Comprehensive structural and spectroscopic study of intrazeolite anchoring of ruthenium carbonyl clusters

Abstract

[Ru₃(CO)₁₂] guests in Na₅₆Y were thermally activated from 298 to 363 K, in a hydrogen atmosphere, generating intrazeolitic [H₄Ru₄(CO)₁₂]. Hexaammineruthenium(III) complexes in Na₅₆X have been thermally activated progressively from 298 to 393 K, in CO and H₂ atmospheres. The generation process is via conversion of the intermediate [Ru(NH₃)₅(CO)]²⁺, Ru^I(CO)₃ to [Ru₆(CO)₁₈]²⁻. The characterization of the structure and properties of these samples used a multi-analytical approach based on FTIR, UV-VIS, EXAFS spectroscopies and CO and H₂ gas chemisorption. The research encompassed several key points as follows: (i) kinetics of the intrazeolitic diffusion of [Ru₃(CO)₁₂] clusters; (ii) oxidation fragmentation under O₂ atmosphere and reductive regeneration under CO and H₂ chemisorption with temperature-programmed heating for the intrazeolite anchoring of [Ru₆(CO)₁₈]²⁻; (iii) internal vs. external confinement of ruthenium carbonyl clusters; (iv) intrazeolite anchoring of ruthenium carbonyl clusters shows a strong reaction with the extraframework Na⁺ α-cage cations, through involvement of the oxygen end of the bridging or equatorial terminal carbonyl ligands; (v) comparison of orbitally degenerate ground-state for free Ru carbonyl clusters vs. the intrazeolitic anchoring site provides a theoretical indication of the symmetry distortion.

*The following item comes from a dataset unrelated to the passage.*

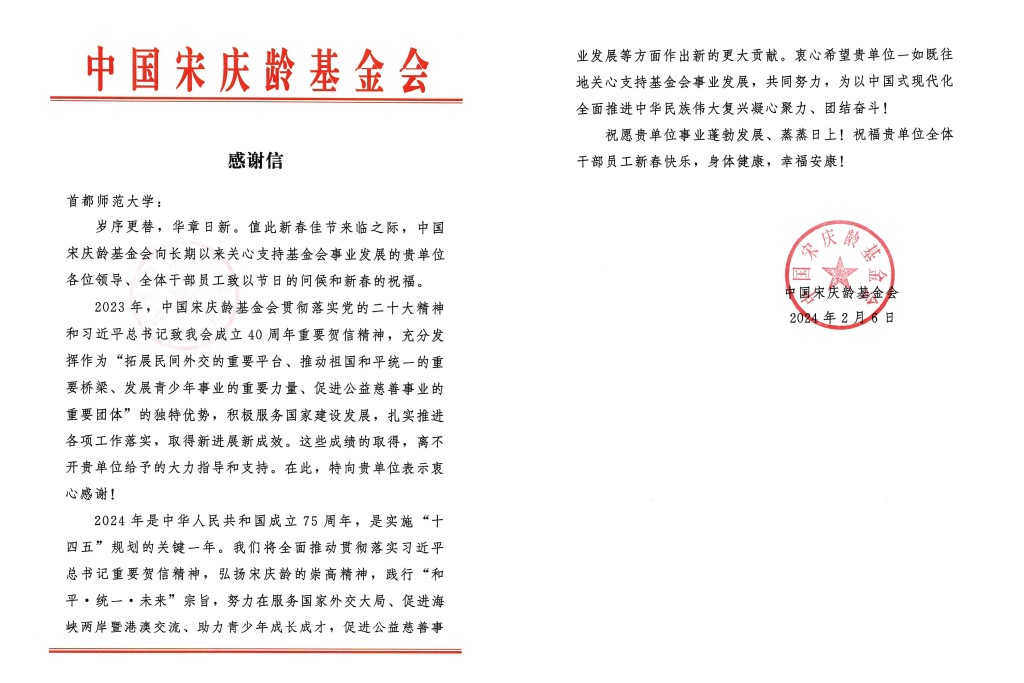 近日,首都师范大学收到中国宋庆龄基金会发来的感谢信,对首都师范大学长期以来支持中国宋庆龄基金会事业发展表示感谢,向学校领导、全体干部员工致以节日的问候和新春的祝福。

These multi-analytical spectroscopic methods should motivate both new and established scientists to study further the anchoring of metal carbonyl clusters with other types of zeolite (such as ZSM-5 or MCM-41). Faujasite mediated synthesis of metal carbonyl clusters can provide routes to compounds which are not accessible by conventional solution techniques. Further, higher yield clusters, as well as a better understanding of the nucleation process of cluster formation and of the resulting chemical properties can be expected.